Some of Hollywood’s most familiar names are shunning the leftist filmmaking culture there and are pursuing other projects on their own that focus more on faith and patriotic themes.
Fox News reported that “Full House” alum Candace Cameron Bure, 47, who spent more than a decade at the Hallmark Channel and was dubbed the “Queen of Christmas” for her renowned holiday films, recently left the network for the new traditional-family-oriented network Great American Family.
“My heart wants to tell stories that have more meaning and purpose and depth behind them,” Bure, who is now Great American Family’s chief creative officer, said in a recent interview with the Wall Street Journal.
“I knew that the people behind Great American Family were Christians that love the Lord and wanted to promote faith programming and good family entertainment,” added the devout Christian.
The outlet asked if she was planning on featuring any content with LGBTQ themes, to which she responded no.
“I think that Great American Family will keep traditional marriage at the core,” she said.
Fox News Digital added:
Great American Family, which was launched in 2021, provides a faith and family alternative to purely secular programming, including the massive holiday film market.
While major studios and networks have typically steered away from focusing on the religious aspects of the Christmas holiday, Great American Family is taking the opposite track and highlighting Christianity in many of its holiday offerings, according to Abbott.
Meanwhile, Pure Flix founders David A.R. White and Michael Scott, who started the network in 2005 and which has since been acquired by Sony Pictures, said the holiday market is huge and ripe for traditional themes.
“I think families were looking for it,” Scott, who is the son of a pastor like White, told Fox News. “People not only here in the U.S. but around the world were looking for it. It was just a great place for us to be.”
He said they were inspired by “this hunger and this need to give people content that uplifted and inspired that human spirit that was something different than what Hollywood was giving to them.”
“I don’t even think Hollywood really realized how big of a marketplace is here, like it didn’t even exist,” White added.
“I think for the longest time this content wasn’t available to families,” White observed. “Just safe, uplifting, inspiring content that ultimately brings people to higher levels of insight to who God is and the purpose that he has for their lives.”
Other stars know that Hollywood’s liberal filmmakers aren’t into patriotic films either, including “Dukes of Hazzard” star John Schneider. He is starring in a new patriotic film titled “To Die For,” which was independently made.
Fox News adds:
The film follows reclusive veteran Quint North (Schneider), who takes a public stand for his personal freedoms after receiving a court order to keep his American flag-flying El Camino truck away from a local high school. The actor told Fox News Digital the film defends patriotism, freedom of speech and the American flag.
Schneider told Fox News Digital that he was inspired to make “To Die For” after reading an article about a man who had been jailed for refusing to remove the American flag from the back of his truck.

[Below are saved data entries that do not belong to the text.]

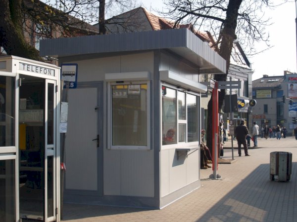 Kiosk ruchu o wymiarach 2438 mm głębokości x 2991 mm szerokości, wykonany w całości z płyty PIR o grubości 80 mm. Dach wykończony attyką.
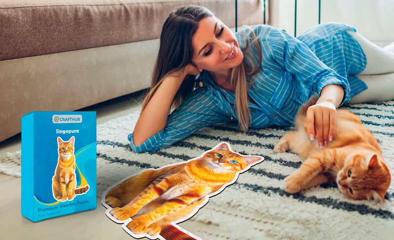 Gå på oppdagelsesferd i en omfattende feiring av kattens skjønnhet med puslespillet vårt i tre, som viser over 50 unike katteraser fra hele verden.
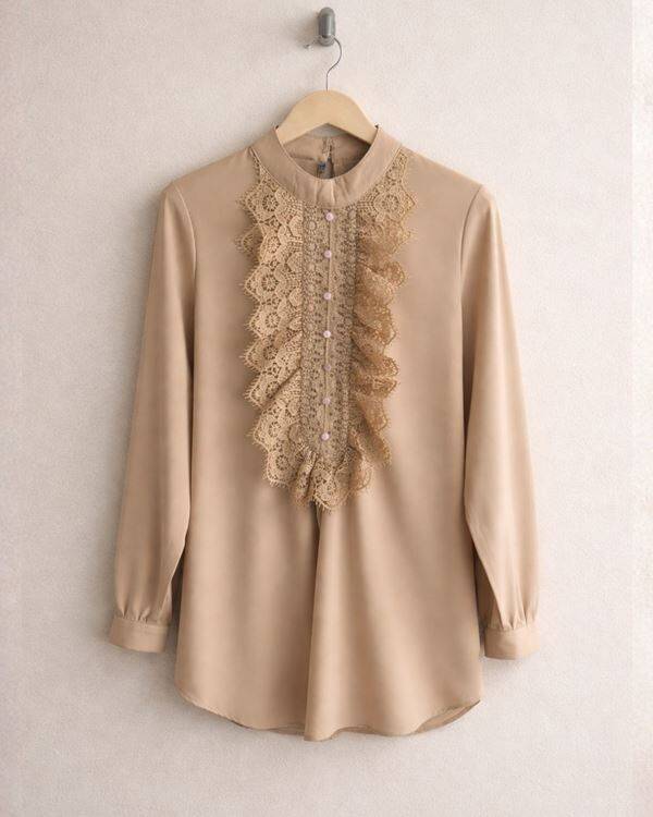 ELCEJA ÖNÜ GÜPÜRLÜ GÖMLEK 23346-34-BEJ
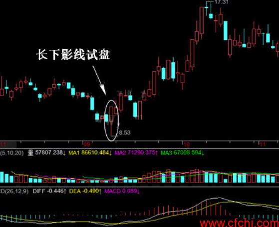 主力在有准备的情况下,将手中已用的少量的筹码出其不意地抛出,将该股的股价大幅打压,以便观察有多少恐慌盘抛出或者有多少场外的跟风买盘对它的低价位感兴趣而买进,以此了解打压该股的下档支撑极限。如果打压超出限度,因打压而卖出去的低价筹码可能就无法再次买回。具体表现在K线上就是风平浪静的走势中突然出现一根长长的下影线。其目的是在正式建仓前测试场外跟风盘的买入力度,界定打压极限。

“I read the article, and it said he had a restraining order against him, so he couldn’t drive within a certain distance from the [local] high school with the flag on his truck,” he recounted.
“[My wife and I] are big supporters of our military and our law enforcement. And I thought, now is the time to make a movie about this guy.”
“I wanted to make a movie not about that individual guy, but that kind of guy who is willing to go to jail in order to continue to express his First Amendment right of free speech,” he said. The film was released Oct. 20.
“People talk about Hollywood as if it has autonomy,” he told the outlet. “Hollywood is a line item on a billionaire globalist spreadsheet, really. So, Hollywood has to basically do what they’re told. I know a lot of people in Hollywood, and I don’t really believe that they are naïve enough to believe a lot of the things that they put forth as truth. But as a very old song used to say, they owe their soul to the company store.”
“You’ve got the celebrity types who… get paid a lot of money, but they’re really doing what they’re told as well. So there’s not a lot of room in that model for free thought. There’s not a lot of room in that model for free speech. You really have to work, I believe, outside that model, ’cause that model’s not going to change.”
Disclaimer: This article may contain commentary which reflects the author’s opinion.